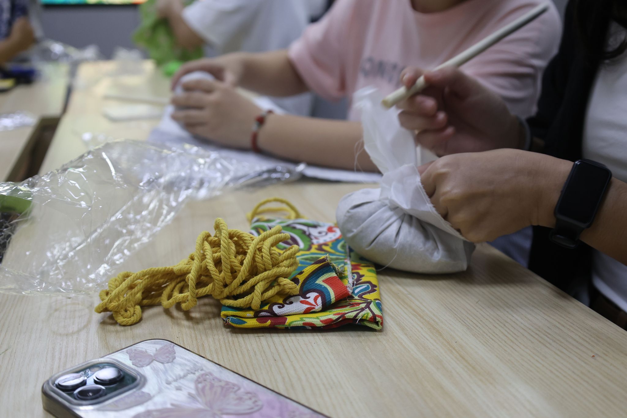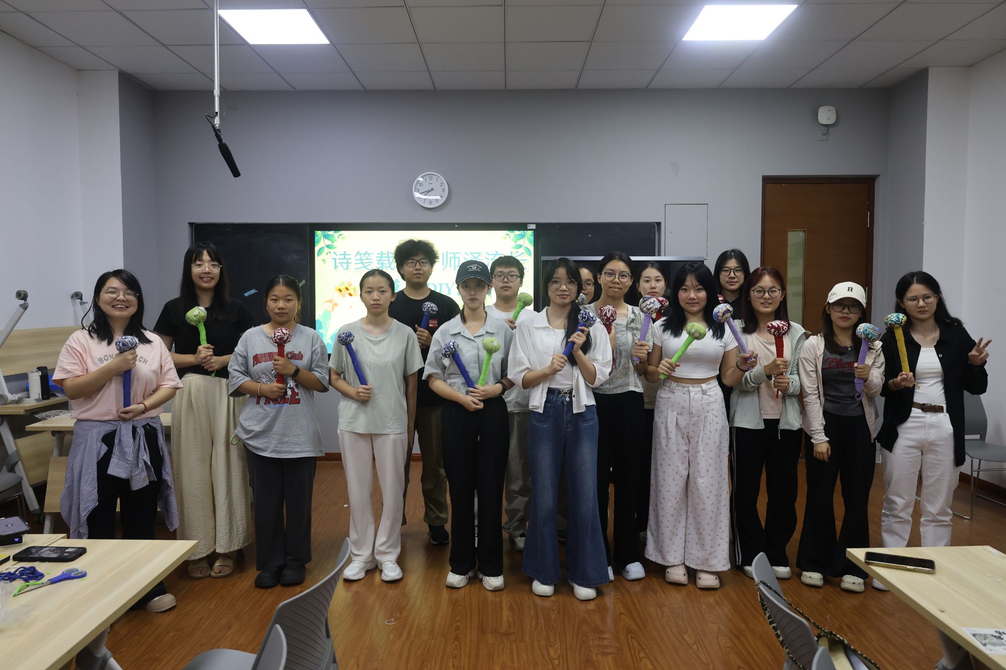 9月9日晚,“艾草锤DIY活动”在南湖综合楼N9006教室举行。活动以手工制作艾草锤为形式,让同学们在动手过程中表达感恩之意,传递师生温情。活动现场,清香弥漫,十余名同学围坐桌前,小心翼翼地将艾草和木柄填入棉布套中,双手轻拢布料,再用麻绳一圈圈仔细扎紧,动作间满是认真。大家不时交流包裹技巧,调整艾草松紧度,以古老的手作之礼,为恩师捶制一份秋日的温暖。
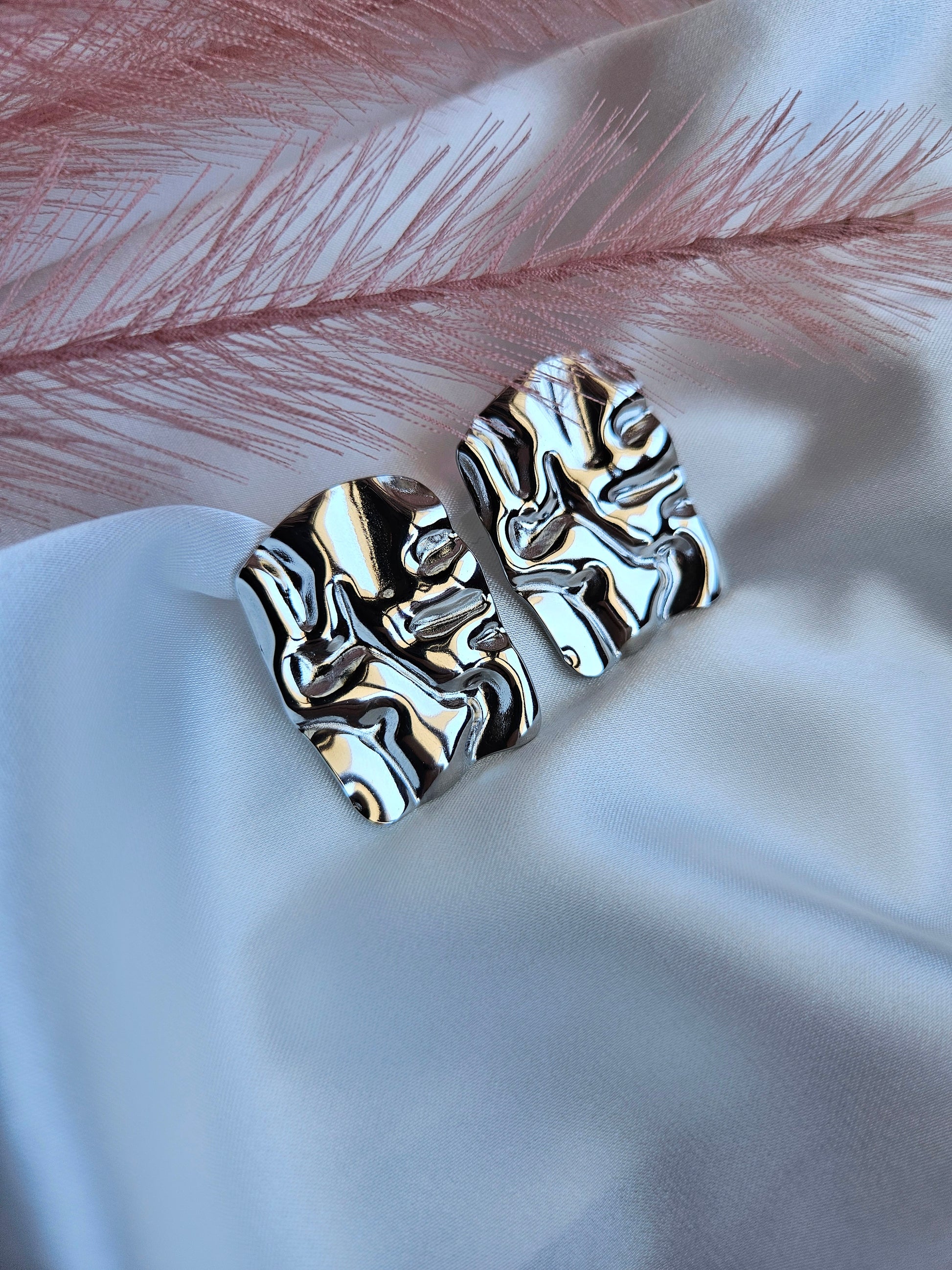 Raffinati orecchini a placca effetto martellato. Leggeri ma d’impatto, aggiungono un tocco di carattere e contemporaneità al look. Resistenti, anallergici e ideali per un uso quotidiano.
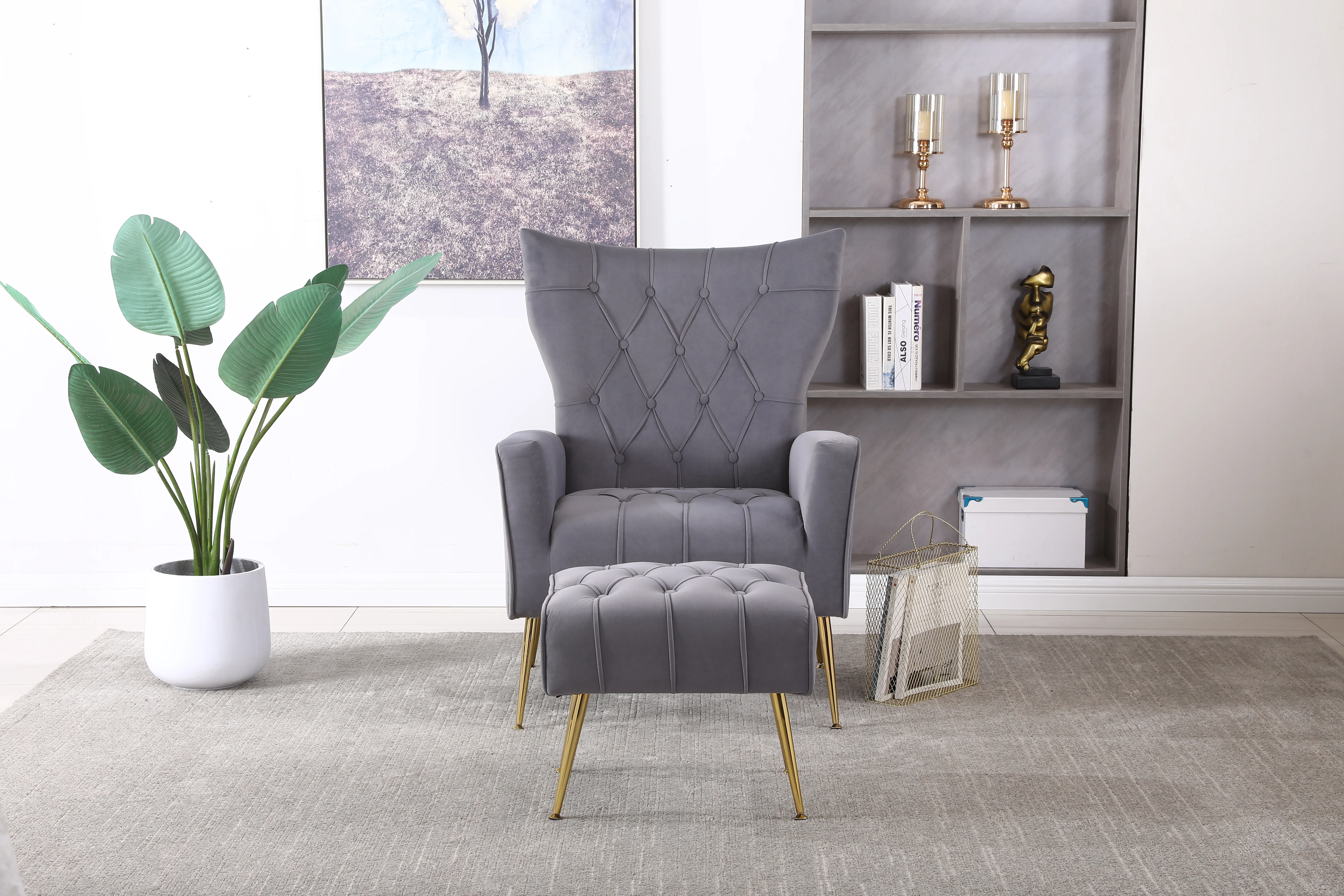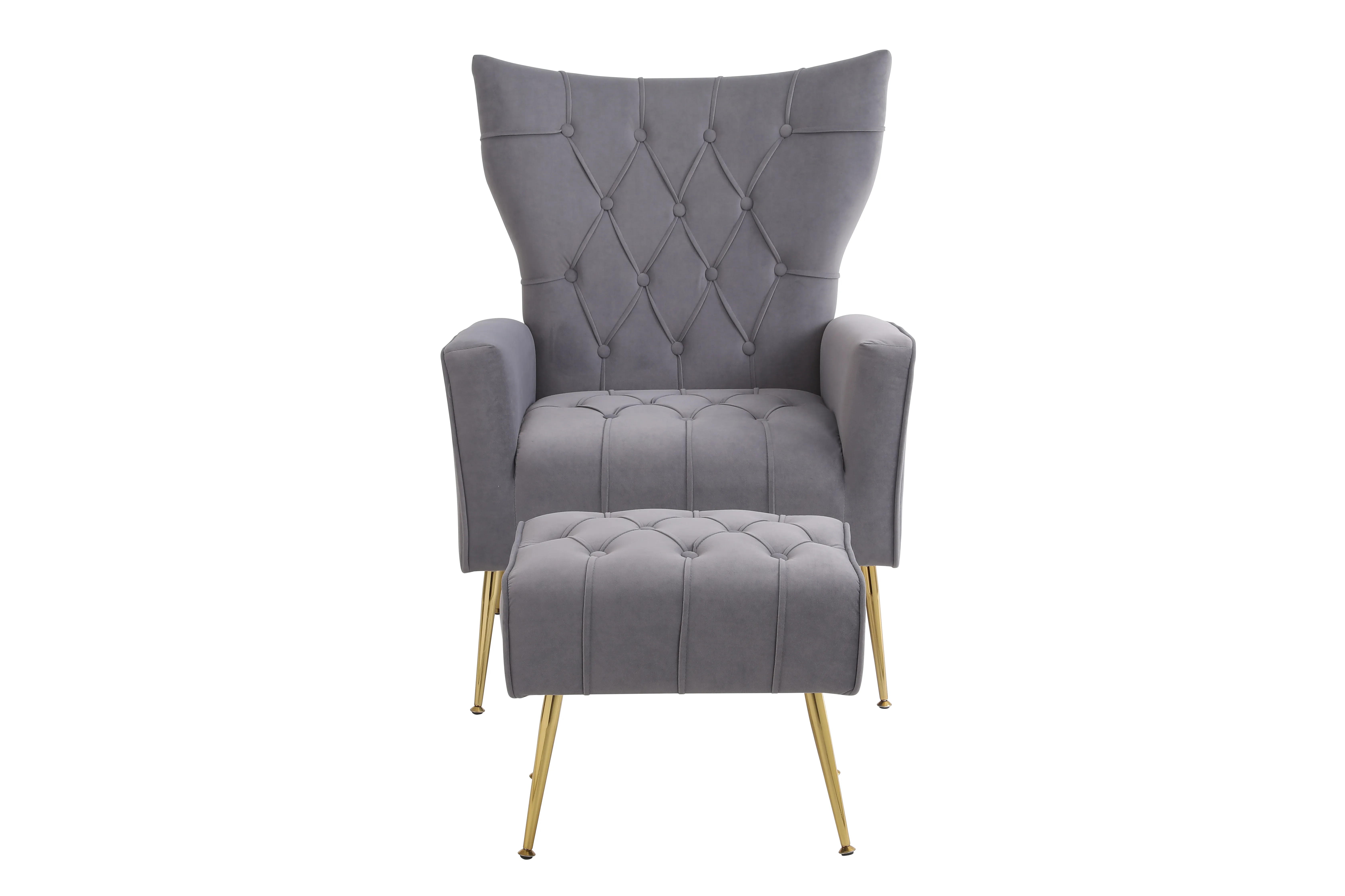 Modern Accent Chair With Ottoman, Comfy Armchair For Living Room, Bedroom, Apartment, Office - Gray
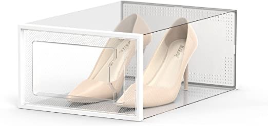 Say goodbye to mess: Stackable shoe storage boxes, dust-free, maximize storage space. Features a snap-on closure to create a shoe tower that will take your shoe rack to the next level. Find the right shoe with a glance through the see-through front door.
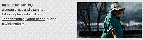 这样我们就可以看到——a穿着b样子的衣服,在c地点的d天气下,惬意地散步。
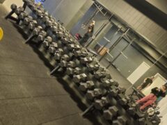 There’s a huge selection of dumbbells as well as kettlebells including adjustable benches.
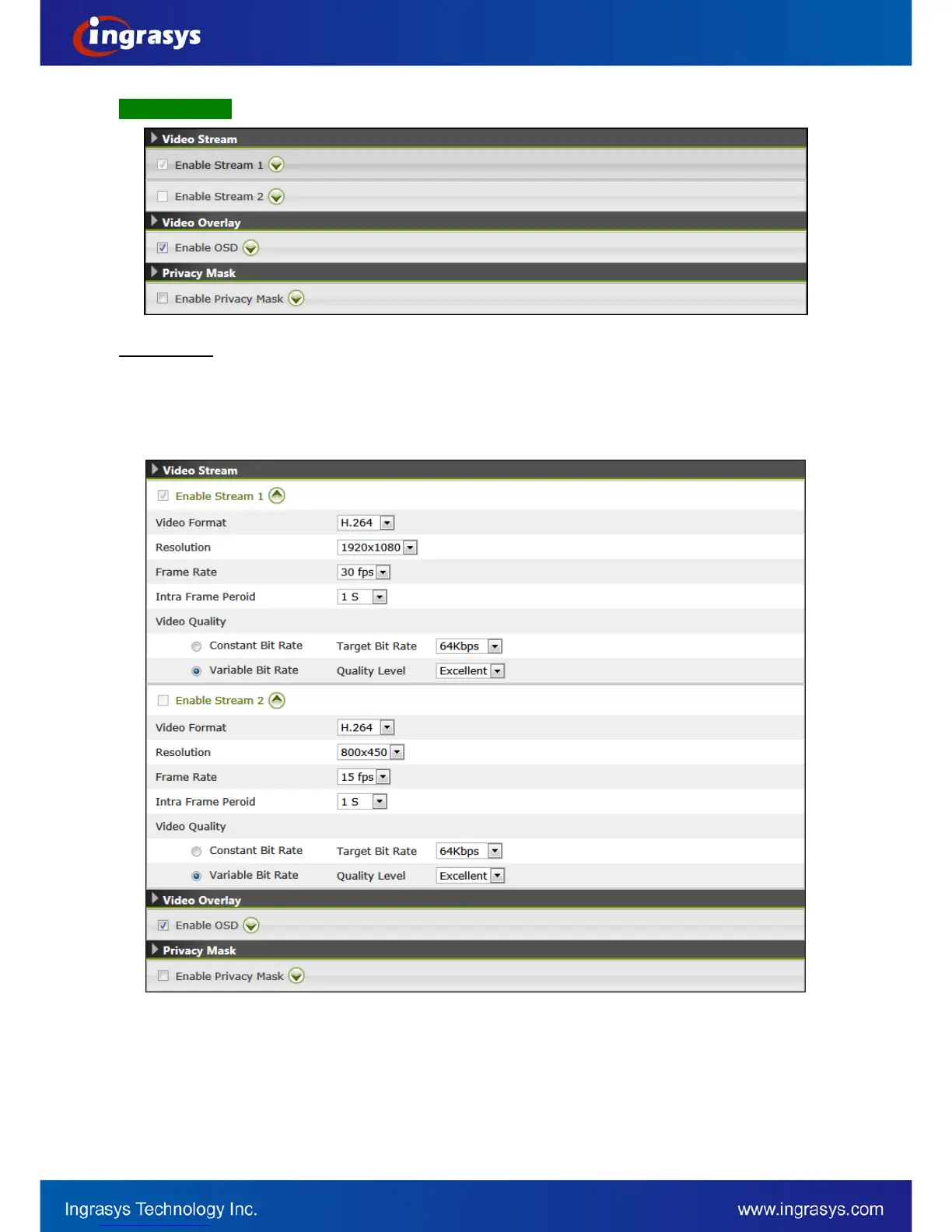 Ingrasys N3211E - Video & Audio Settings; Video Stream Configuration Details
* * *
→ TASK TO COMPLETE: Skipping any pictures, copy the line that holds "There’s a huge" and each line after it through the last line of the records, unchanged, and no other lines.

→ ANSWER BOX:
 There’s a huge selection of dumbbells as well as kettlebells including adjustable benches.
 Ingrasys N3211E - Video & Audio Settings; Video Stream Configuration Details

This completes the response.